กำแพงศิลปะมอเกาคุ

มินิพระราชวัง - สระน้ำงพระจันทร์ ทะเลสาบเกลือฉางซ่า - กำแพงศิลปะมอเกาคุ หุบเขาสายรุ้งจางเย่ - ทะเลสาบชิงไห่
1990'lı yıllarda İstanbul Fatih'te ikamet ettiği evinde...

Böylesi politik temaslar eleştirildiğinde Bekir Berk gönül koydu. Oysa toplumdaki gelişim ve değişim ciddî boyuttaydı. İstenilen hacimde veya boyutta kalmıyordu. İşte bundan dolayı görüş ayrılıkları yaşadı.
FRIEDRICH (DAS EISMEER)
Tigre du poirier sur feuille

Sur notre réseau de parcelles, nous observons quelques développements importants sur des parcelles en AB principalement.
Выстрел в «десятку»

-*-

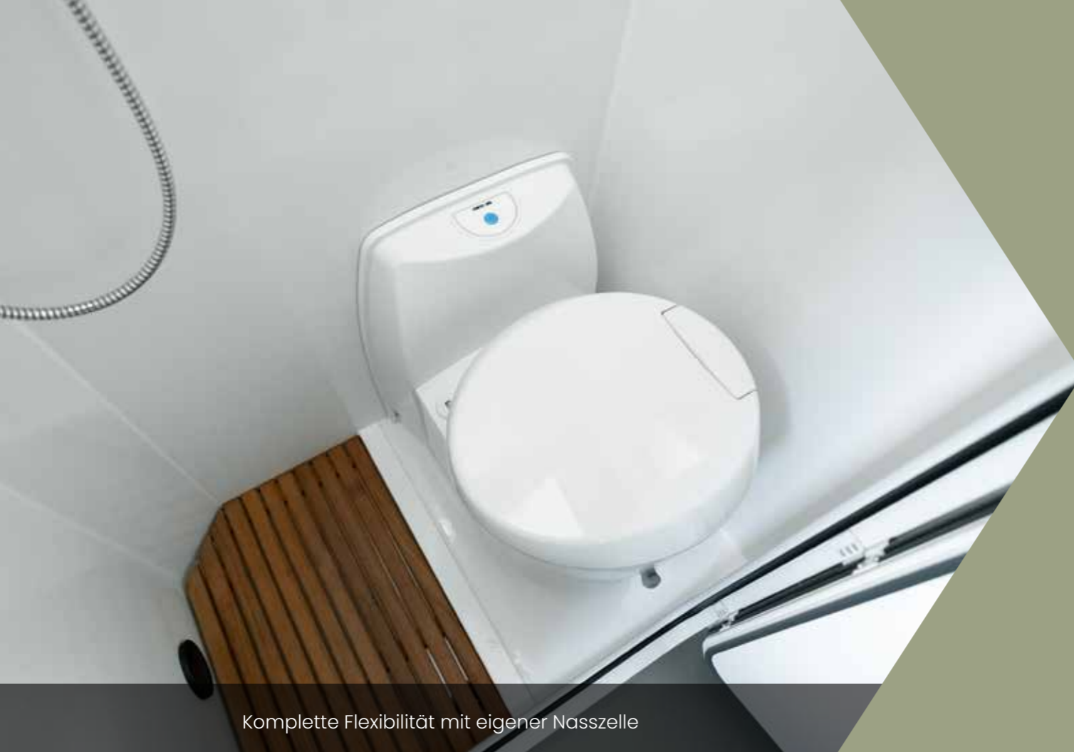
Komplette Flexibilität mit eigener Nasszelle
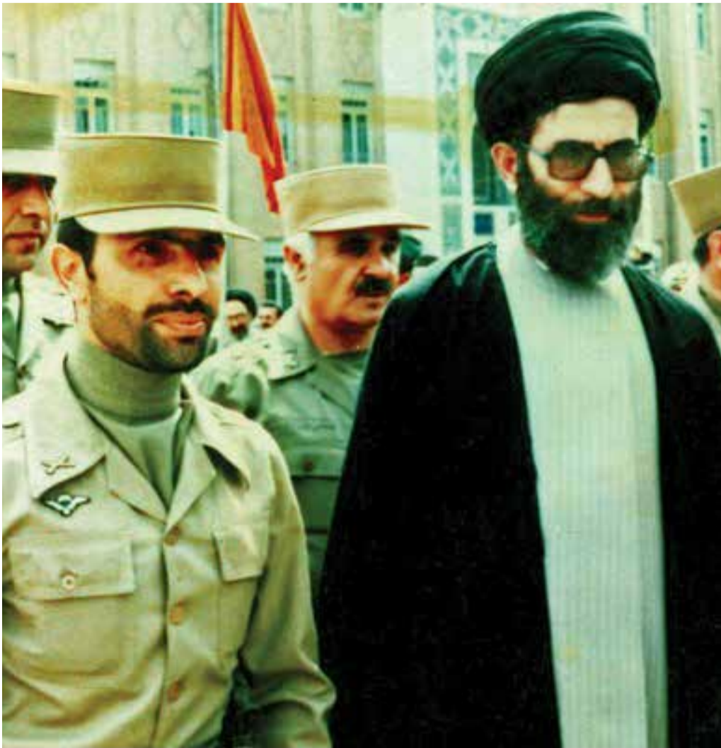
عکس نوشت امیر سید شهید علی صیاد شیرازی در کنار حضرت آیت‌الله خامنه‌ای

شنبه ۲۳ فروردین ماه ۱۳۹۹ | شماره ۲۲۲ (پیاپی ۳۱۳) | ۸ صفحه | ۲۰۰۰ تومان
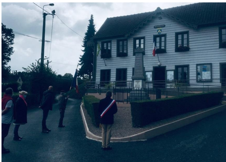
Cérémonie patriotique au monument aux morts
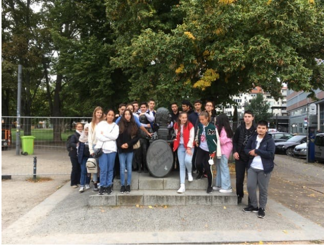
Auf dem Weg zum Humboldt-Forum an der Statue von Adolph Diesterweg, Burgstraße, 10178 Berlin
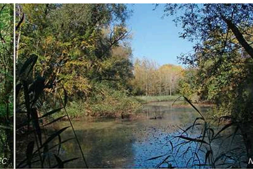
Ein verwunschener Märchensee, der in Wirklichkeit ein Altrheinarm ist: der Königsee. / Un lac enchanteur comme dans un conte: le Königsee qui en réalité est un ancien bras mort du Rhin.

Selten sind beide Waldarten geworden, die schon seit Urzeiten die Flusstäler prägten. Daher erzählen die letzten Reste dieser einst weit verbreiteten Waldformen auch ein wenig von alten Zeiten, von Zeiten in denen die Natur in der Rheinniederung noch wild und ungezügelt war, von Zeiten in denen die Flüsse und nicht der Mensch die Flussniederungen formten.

-*-

_Exercise instructions_. Transcribe, from the material above, the stretch starting at the line with "Auf dem Weg" and ending at the line with "Ein verwunschener Märchensee, der", both included, exactly. Do not carry over pictures.

_Answer to the problem_.
Auf dem Weg zum Humboldt-Forum an der Statue von Adolph Diesterweg, Burgstraße, 10178 Berlin
Ein verwunschener Märchensee, der in Wirklichkeit ein Altrheinarm ist: der Königsee. / Un lac enchanteur comme dans un conte: le Königsee qui en réalité est un ancien bras mort du Rhin.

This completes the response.